To date, two randomized, controlled studies support the use of candesartan for migraine prophylaxis but with limited external validity. We aim to evaluate the effectiveness and tolerability of candesartan in clinical practice and to explore predictors of patient response. Retrospective cohort study including all patients with migraine who received candesartan between April 2008-February 2019. The primary endpoint was the number of monthly headache days during weeks 8-12 of treatment compared to baseline. Additionally, we evaluated the frequency during weeks 20-24. We analysed the percentage of patients with 50% and 75% response rates and the retention rates after three and 6 months of treatment. 120/4121 patients were eligible, aged 45.9 [11.5]; 100 (83.3%) female. Eighty-four patients (70%) had chronic migraine and 53 (42.7%) had medication-overuse headache. The median number of prior prophylactics was 3 (Inter-quartile range 2-5). At baseline, patients had 20.5 ± 8.5 headache days per month, decreasing 4.3 ± 8.4 days by 3 months (weeks 12-16) and by 4.7 ± 8.7 days by 6 months (paired Student's t-test, p < 0.001). The percentage of patients with a 50% response was 32.5% at 3 months and 31.7% at 6 months, while the retention rate was 85.0% and 58.3%. The number of prior treatments (Odds ratio 0.79, 95% CI 0.64-0.97) and the presence of daily headache (Odds ratio 0.39, 95% CI 0.16-0.97) were associated with a lower probability of response. Candesartan showed beneficial effects in the preventive treatment of migraine in clinical practice, including patients with chronic migraine, medication-overuse headache and resistance to prior prophylactics.

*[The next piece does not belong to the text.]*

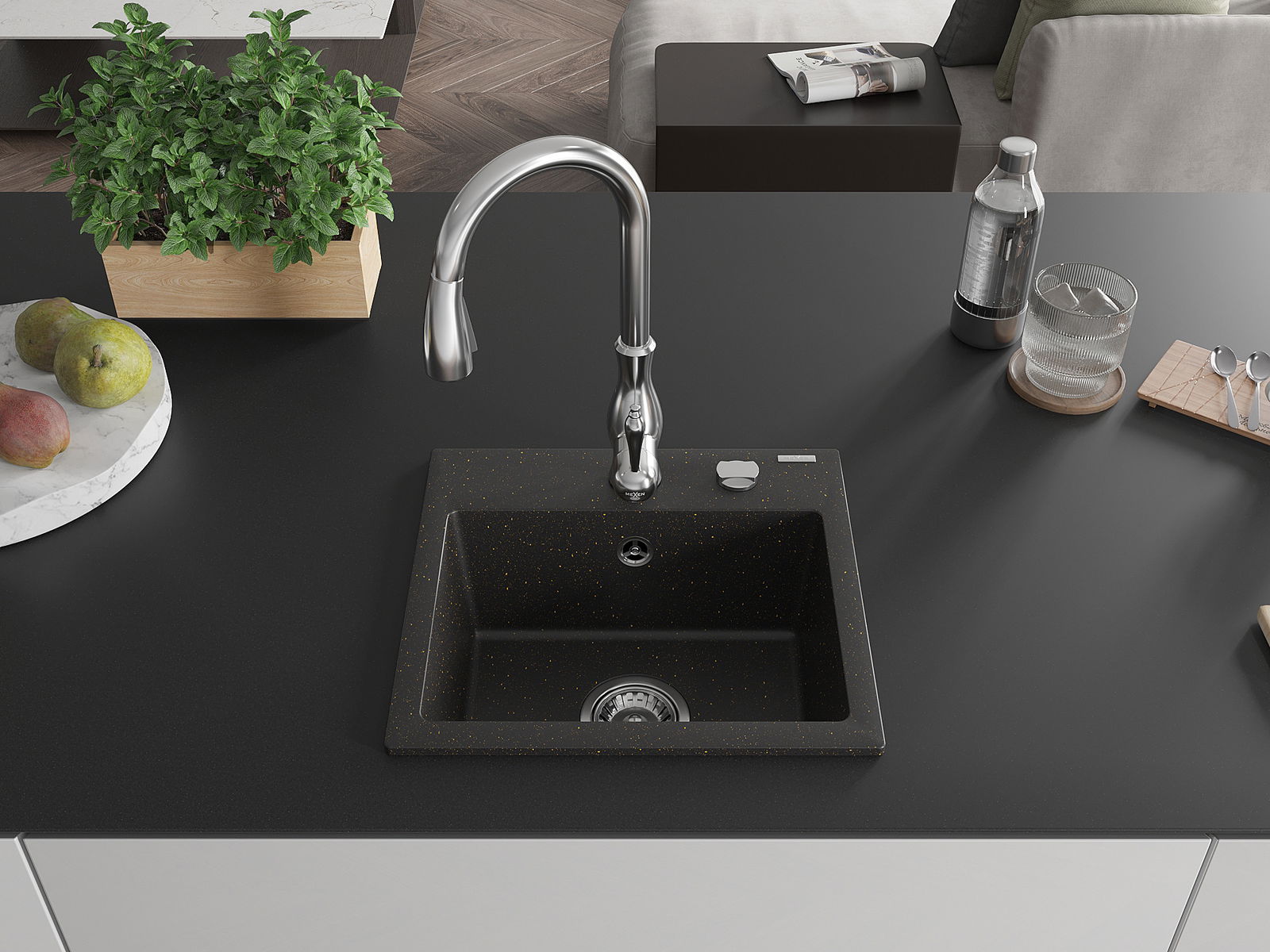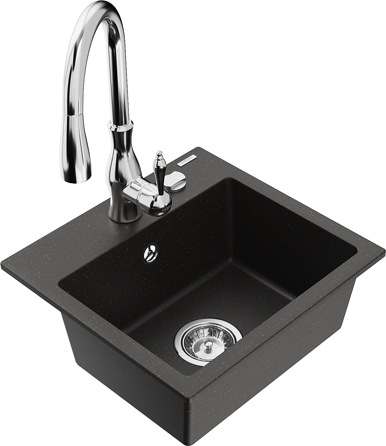 Mexen Milo granitový dřez 1-komorový s kuchyňskou baterií Savita, černý/zlatý metalický- 6505-75-672601-00

迄今为止,有两项随机对照研究支持坎地沙坦用于偏头痛预防,但具有有限的外部有效性。我们旨在评估坎地沙坦在临床实践中的有效性和耐受性,并探讨患者反应的预测因素。这是一项包括所有 2008 年 4 月至 2019 年 2 月期间接受坎地沙坦治疗的偏头痛患者的回顾性队列研究。主要终点是治疗第 8-12 周与基线相比每月头痛天数。此外,我们还评估了第 20-24 周的频率。我们分析了 50%和 75%反应率的患者比例以及治疗 3 个月和 6 个月后的保留率。4121 名患者中有 120 名符合条件,年龄为 45.9 [11.5];100 名(83.3%)为女性。84 名患者(70%)患有慢性偏头痛,53 名(42.7%)患有药物过度使用性头痛。中位数预防性药物数量为 3 种(四分位距 2-5)。基线时,患者每月头痛 20.5 ± 8.5 天,治疗 3 个月时减少 4.3 ± 8.4 天(第 12-16 周),治疗 6 个月时减少 4.7 ± 8.7 天(配对学生 t 检验,p<0.001)。3 个月时,50%反应的患者比例为 32.5%,6 个月时为 31.7%,而保留率为 85.0%和 58.3%。既往治疗次数(比值比 0.79,95%CI 0.64-0.97)和每日头痛存在(比值比 0.39,95%CI 0.16-0.97)与反应概率降低相关。坎地沙坦在偏头痛的预防治疗中显示出有益效果,包括慢性偏头痛、药物过度使用性头痛和对既往预防性药物耐药的患者。